3.3. Correlation of mRNAsi with Molecular Subtypes and Tumor Immunity
To understand the mRNAsi differences between subtype groupings, LUAD samples were grouped according to CpG Island methylator phenotype (CIMP) or iCluster [22]. According to CIMP, the LUAD samples were divided into three subtypes, and significant differences in mRNAsi among the three subtypes were observed (Figure 5(a)). iCluster analysis detected six clusters in LUAD, with significant differences in mRNAsi among them (Figure 5(b)). We also investigated the association of mRNAsi with tumor immunity. ESTIMATE software (https://sourceforge.net/projects/estimateproject/) package was employing for immune and matrix score determination of LUAD samples, and Pearson's correlation analysis showed that in LUAD, ESTIMATE score, immune score, and stromal score were significantly negatively linked to mRNAsi (Figures 5(c)–5(e)), indicating that mRNAsi was involved in tumor immunity.
Figure 5
Correlation of mRNAsi with molecular subtypes and tumor immunity. (a) mRNAsi differences between LUAD samples classified according to CIMP. (b) mRNAsi differences among molecular subtypes identified by iCluster. (c) Correlativity between mRNAsi and stromal score of LUAD samples in TCGA. (d) Pertinent analysis between mRNAsi and immune score of LUAD samples in TCGA. (e) Correlation analysis between mRNAsi and ESTIMATE score of LUAD samples in TCGA.

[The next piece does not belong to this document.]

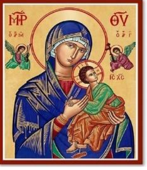
Our Lady of Perpetual Help

3.4. Filtering mRNAsi-Related Gene Modules and Their Functions
WGCNA developed the coexpression network for identifying mRNAsi-related modules. Correlation coefficient in this study was >0.85 when β = 6 (Figure 6(a)). Therefore, a soft threshold of 6 was employed to establish a scale-free network; here, we obtained 14 gene modules (Figure 6(b)). The correlation of each module to LUAD patients' age, T stage, gender, smoking, N stage, AJCC stage, M stage, mRNAsi was analyzed; here, the blue module is the most associated with mRNAsi (Figure 6(c)). The biological processes involved in the blue module were explored using Gene Ontology (GO) and Kyoto Encyclopedia of Genes and Genomes (KEGG). The blue module was found to be largely implicated in cell mitogen-related pathways, including organelle fission, ribonucleoprotein complex biogenesis, and ncRNA metabolic process (Figure 6(d)). From KEGG analysis, the blue module was mainly concentrated with DNA replication, homologous recombination, base excision repair, etc. (Figure 6(e)).
Figure 6
Identification of gene module associated with mRNAsi. (a) Analysis of network topology for various soft-thresholding powers. (b) Hierarchical clustering tree bases on the topological overlap dissimilarity. (c) Correlation between 14 gene modules and gender, age, T stage, N stage, M stage, AJCC stage, smoking, and mRNAsi. (d) Go analysis of the blue modules. (e) KEGG analysis of blue module.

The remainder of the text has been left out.